Q From Andrea Alam: I was watching the 1999 version of Dickens’s A Christmas Carol over the holidays, the version starring Patrick Stewart. In an early scene, two men come into Scrooge’s office soliciting funds for the poor. One of them addresses him by saying, “May I press your cudiles, sir?” What are cudiles? I’ve been unable to find the word anywhere and even the reference librarian at my local public library is unable to find it.
A You are not alone in your bafflement. A search online shows that the question has been asked several times with no response. I’m stumped, too, as is every expert I’ve asked, though there are a couple of hints. The cudiles spelling comes from the TV subtitling (closed captioning), though that’s an attempt at phonetic spelling by an American titler confused by an English accent. No such word is in the English language, of that I’m pretty sure. Dickens certainly didn’t write that line into his story. What could have been meant?
Edward Petherbridge, playing a charity collector, removes his glove before offering his hand to Patrick Stewart, playing Scrooge.
Was it a slip of the tongue by Edward Petherbridge, the actor who played the charity collector, which was left uncorrected for some reason? Did Peter Barnes, who wrote the television adaptation, invent it to keep us guessing? (I can’t ask him, as he died in 2004.) A person may without doubt press the hand of another, and Edward Petherbridge takes his glove off and proffers his hand to Scrooge as he says the line, strongly suggesting that the word means “hand”.
The director has also died, so my best hope for information was to ask the two actors in the scene. Patrick Stewart e-mailed me to say that he thought it might be London East End slang or a Yiddish word. Edward Petherbridge responded by telling me firmly that any explanation that involves a fluff is way out of line: he said the line correctly according to the script and if he had made a mistake it would have been instantly spotted and corrected. The word was included at the insistence of Peter Barnes: “He was born in Bow so was a true Cockney. He was fond of obscure words but I think I was assured the word meant mitts, fingers, digits or just hands. I didn’t feel it worth the candle to argue about this annoying obscurity.” He hasn’t kept the script, but he has a memory that the word was spelled cudulles and that he said it as /kʌdˈjuːlz/ (roughly as “cud-yules”).

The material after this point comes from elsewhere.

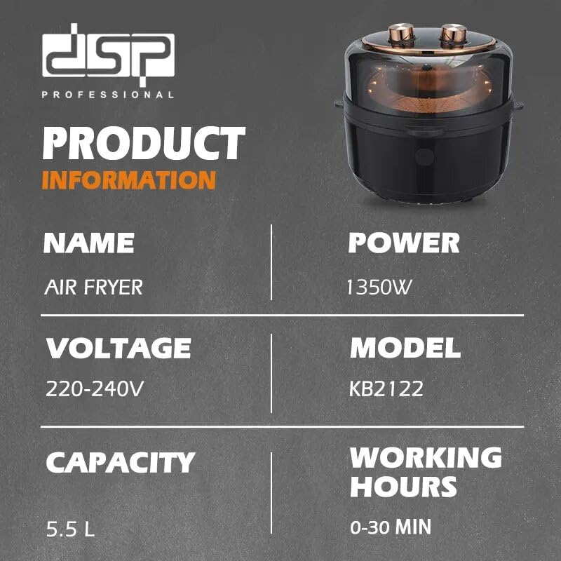 DSP - مقلاة هوائية رقمية تعمل باللمس من دي اس بي، سعة 5.5 لتر، أسود، 1600.0 واط

So, the problem is half solved. It wasn’t an error but was intended to be a real word, perhaps slang. However, the doyen of British compilers of slang dictionaries, Jonathon Green (who edits the Chambers Dictionary of Slang), told me that he had checked his database, in which there are several hundred words that are defined as meaning “hand”, but there’s nothing remotely similar on record. He speculates that Peter Barnes may have misremembered daddle, a popular mid-nineteenth century term for a hand — tip the daddle meant to shake somebody’s hand (As one example of its use, Mr Green gave me this, from Rookwood by William Harrison Ainsworth, of 1834: “After breakfast, as I said before, we will bring the matter to a conclusion. Tip us your daddle, Sir Luke, and I am satisfied.”)
I can take this no further myself because I’m way outside my comfort zone when it comes to obscure slang. With the death of the key players, it seems improbable that the truth will ever be known.